Ah, man! there are few--very few,
either of fools or of wise men, ken how to guide a woman."
"Why, did I not serve her at the risk of my freedom, and very nigh at
the risk of my neck? Did she not--no, it was not her neither, but that
accursed beldam whom she caused to work upon me--persuade me like a
fool to turn myself into a waterman to help my lord, and a plague to
him, down to Scotland? and instead of going peaceably down to the ship
at Gravesend, did not he rant and bully, and show his pistols, and
make me land him at Greenwich, where he played some swaggering pranks,
that helped both him and me into the Tower?"

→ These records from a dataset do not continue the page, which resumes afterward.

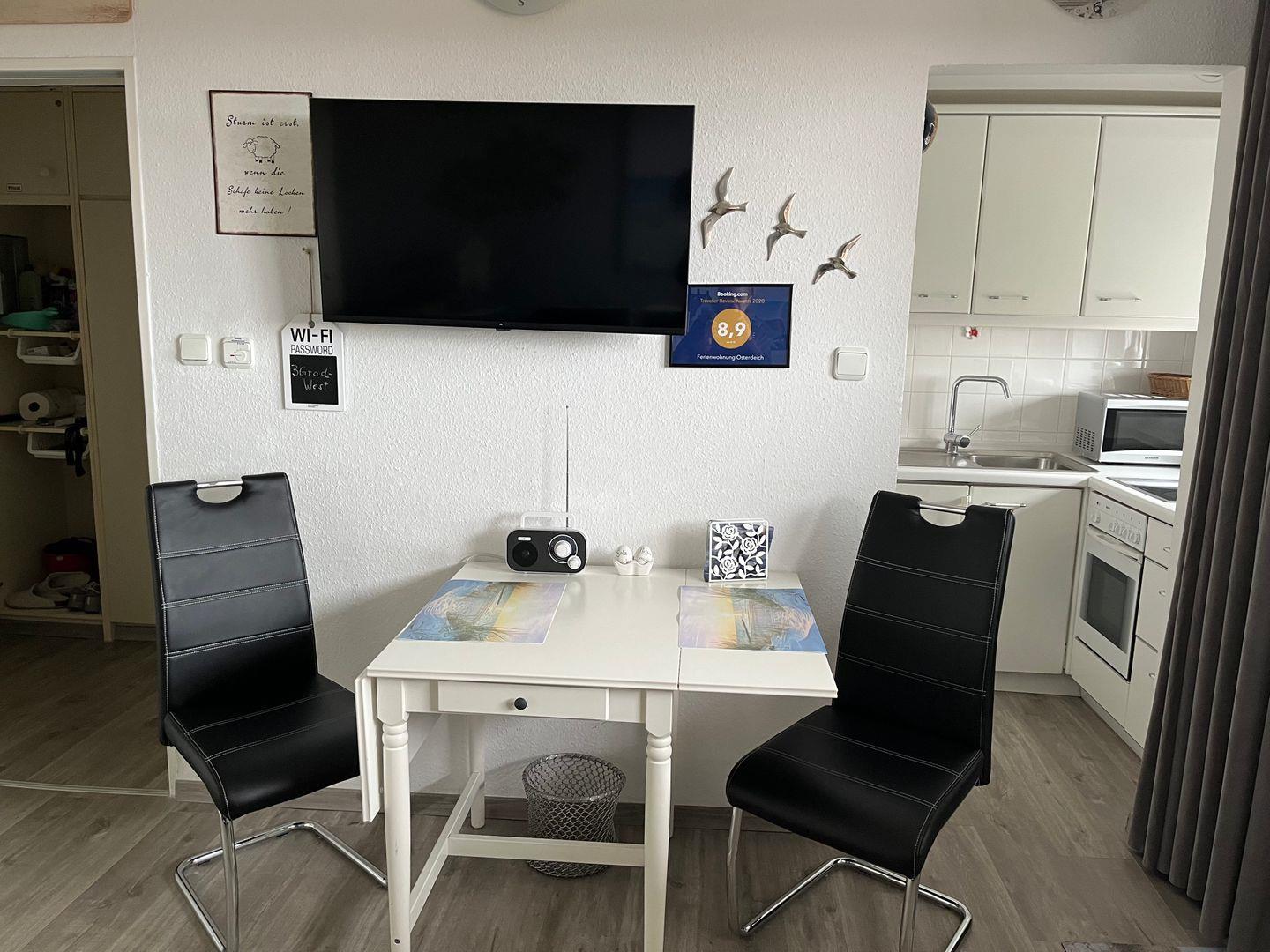 Diese helle und gemütliche Einzimmerwohnung, in der 3`ten Etage, mit Blick auf Horumersiel, ist gerade mit allergikerfreundlichem Laminatboden neu renoviert worden. Im kombinierten Wohn- und Schlafraum befindet sich eine neue Sofaecke, ein Flachbildfernseher, ein doppeltes Schrankbett und eine gemütliche Essecke. Haustiere nicht erlaubt .
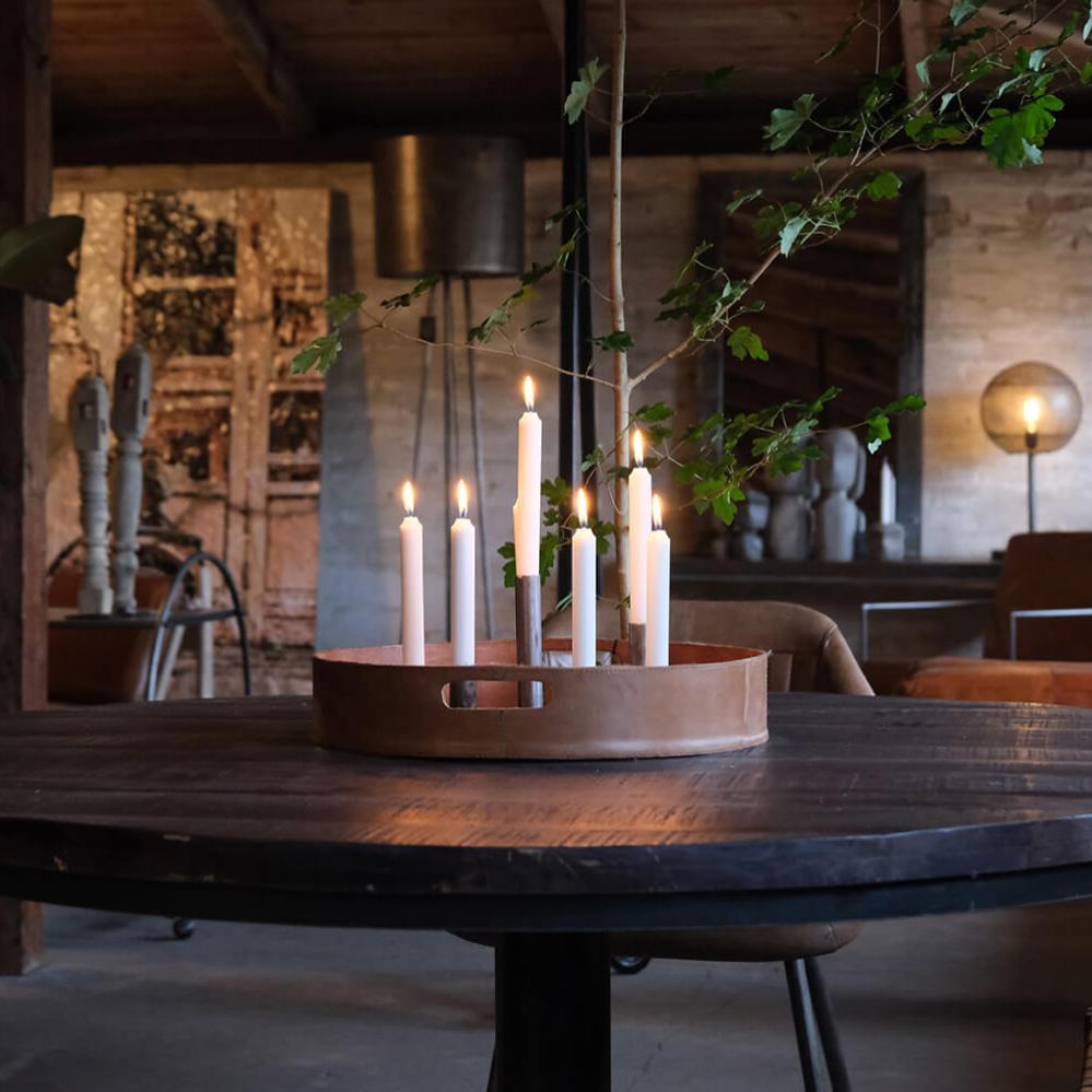 Dieser runde Esstisch aus schwarzlackiertem, massivem Mangoholz vereint Stabilität mit einem stilvollen, industriellen Look. Die dunkle Tischplatte ruht auf einem stabilen Metallfuß, der für eine solide Basis und einen modernen Look sorgt. Mit Platz für bis zu 8 Personen ist der Tisch ideal für gesmütliche Abende und gemeinsame Mahlzeiten. Die Höhe vom Boden bis zur Unterkante beträgt ca. 70,5 cm und bietet ausreichend Beinfreiheit. Eine perfekte Wahl für Restaurants und private Wohnräume, in denen rohe Materialien und zeitloses Design harmonisch zusammenkommen.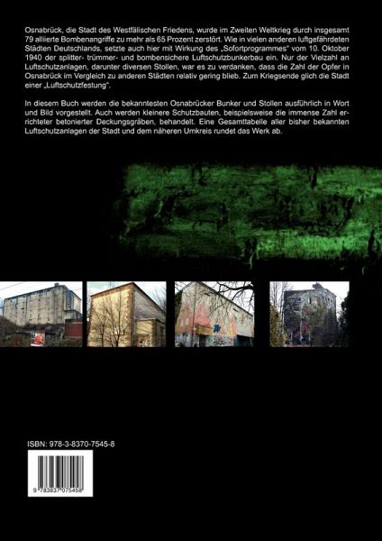 Osnabrück, die Stadt des Westfälischen Friedens, wurde im Zweiten Weltkrieg durch insgesamt 79 alliierte Bombenangriffe zu mehr als 65 Prozent zerstört. Wie in vielen anderen luftgefährdeten Städten Deutschlands, setzte auch hier mit Wirkung des "Sofortprogrammes" vom 10. Oktober 1940 der splitter- trümmer- und bombensichere Luftschutzbunkerbau ein. Nur der Vielzahl an Luftschutzanlagen, darunter diversen Stollen, war es zu verdanken, dass die Zahl der Opfer in Osnabrück im Vergleich zu anderen Städten relativ gering blieb. Zum Kriegsende glich die Stadt einer "Luftschutzfestung". In diesem Buch werden die bekanntesten Osnabrücker Bunker und Stollen ausführlich in Wort und Bild vorgestellt. Auch werden kleinere Schutzbauten, beispielsweise die immense Zahl errichteter betonierter Deckungsgräben, behandelt. Eine Gesamttabelle aller bisher bekannten Luftschutzanlagen der Stadt und dem näheren Umkreis rundet das Werk ab.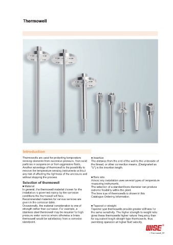 installation is governed mainly by the corrosion The bore size of thermowells is shown in this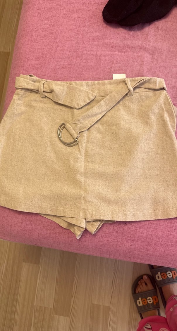 kemerli bej mini şort etek . Günlük sokak stiline uygun rahat bir tasarım.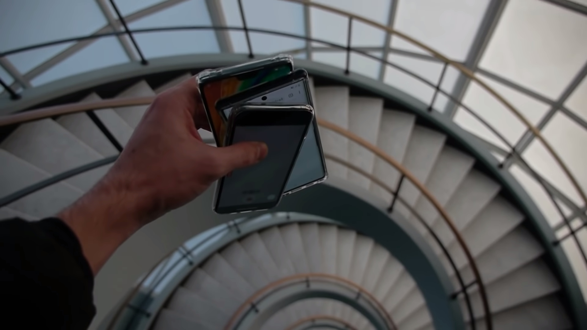 Sau khi đã mang xong ốp lưng nhựa cho 3 chiếc smartphone, TechRax bắt đầu thả chúng từ độ cao hàng chục mét. (Ảnh: TechRax)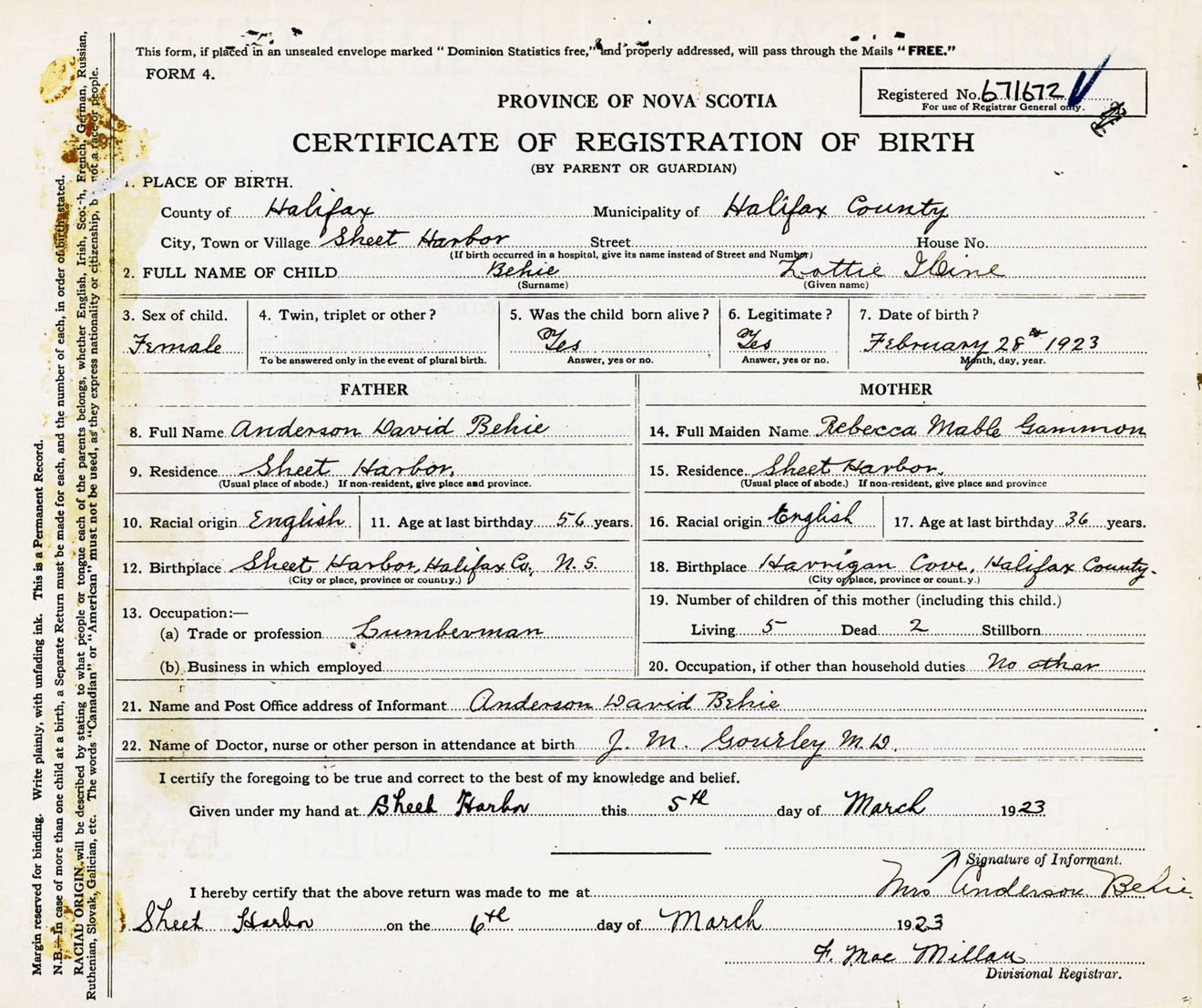 Female Birth Registration: Year: 1923 number: 67100672

"Aha!" said Richie, throwing more than his usual wisdom into his
looks, "so you were the green-jacketed waterman that rowed Lord
Glenvarloch down the river?"
"The more fool I, that did not souse him in the Thames," said Jenkin;
"and I was the lad who would not confess one word of who and what I
was, though they threatened to make me hug the Duke of Exeter's
daughter."[Footnote: A particular species of rack, used at the Tower
of London, was so called.]
"Wha is she, man?" said Richie; "she must be an ill-fashioned piece,
if you're so much afraid of her, and she come of such high kin."
"I mean the rack--the rack, man," said Jenkin. "Where were you bred
that never heard of the Duke of Exeter's daughter? But all the dukes
and duchesses in England could have got nothing out of me--so the
truth came out some other way, and I was set free.